John Makhoul

John Makhoul is a Lebanese-American computer scientist who works in the field of speech and language processing. Dr. Makhoul's work on linear predictive coding was used in the establishment of the Network Voice Protocol, which enabled the transmission of speech signals over the ARPANET.[1] Makhoul is recognized in the field for his vital role in the areas of speech and language processing, including speech analysis, speech coding, speech recognition and speech understanding. He has made a number of significant contributions to the mathematical modeling of speech signals, including his work on linear prediction, and vector quantization. His patented work on the direct application of speech recognition techniques for accurate, language-independent optical character recognition (OCR) has had a dramatic impact on the ability to create OCR systems in multiple languages relatively quickly.[2]
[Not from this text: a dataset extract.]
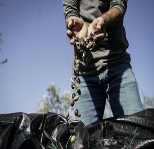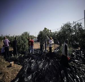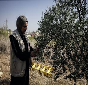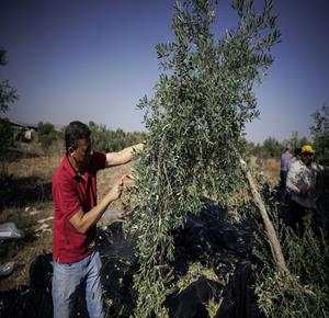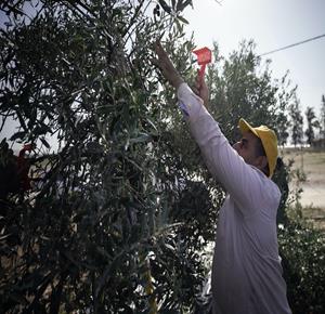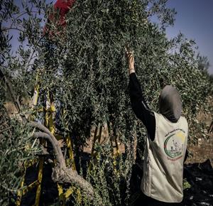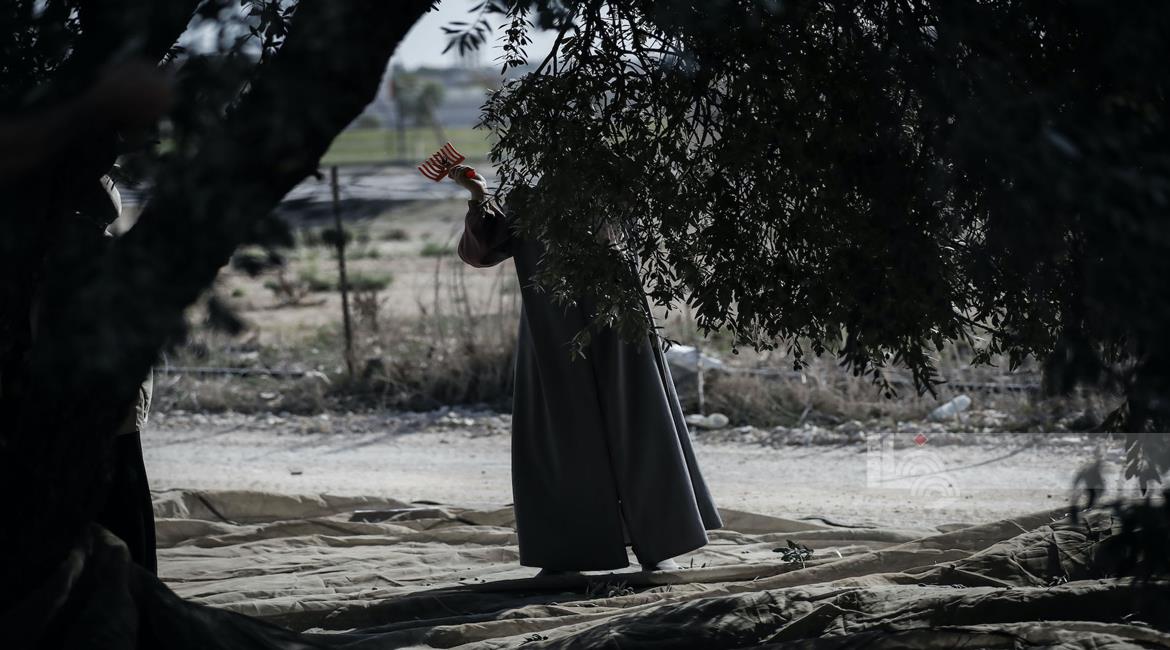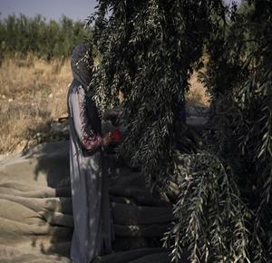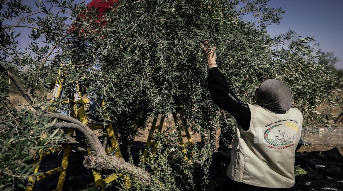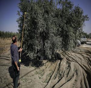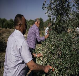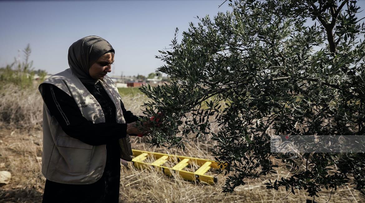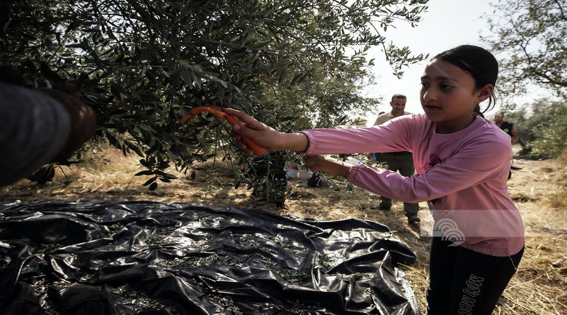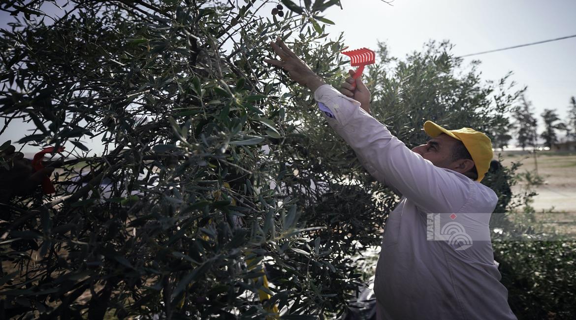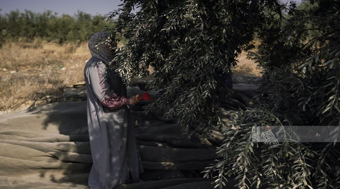 جنين - مزارعون ومتطوعون يقطفون ثمار الزيتون في قرية الجلمة المحاذية لحاجز الجلمة العسكري شمال جنين

Dr. Makhoul is a Chief Scientist at BBN Technologies, where he has led several successful research projects including the DARPA GALE program.[3]

Early life and education

Makhoul was born in Deirmimas, a village in southern Lebanon. He did his early schooling in Lebanon. During his high school years, he spent one year as an exchange student in a high school in Foley, Minnesota. He went to college at the American University of Beirut, where he graduated with a Bachelor of Engineering degree in Electrical Engineering in the year 1964. Makhoul then received his Master of Science degree in Electrical Engineering from Ohio State University in 1965, and finished his PhD from MIT in the year 1970. Makhoul has since been working at BBN Technologies.[4][5]

Awards and honors

Throughout his career, Makhoul has received several awards and honors. He is a Fellow of the IEEE and a Fellow of the Acoustical Society of America.[6][7] In 2013, he became a Fellow of the International Speech Communication Association (ISCA).[8]

Makhoul's 1975 IEEE Proceedings paper on linear prediction was named a "Citation Classic" by the Institute for Scientific Information. His other honors include the 1978 IEEE Senior Award, the 1982 IEEE Technical Achievement Award, the 1988 Society Award of the IEEE Signal Processing Society, and the 2000 IEEE Third Millennium Medal.[9]

In 2009, Makhoul was awarded the IEEE James L. Flanagan Speech and Audio Processing Award, which is awarded for an outstanding contribution to the advancement of speech and/or audio signal processing.[10]

In 2016, he received the ISCA Medal for "leadership and extensive contributions to speech and language processing ".[11]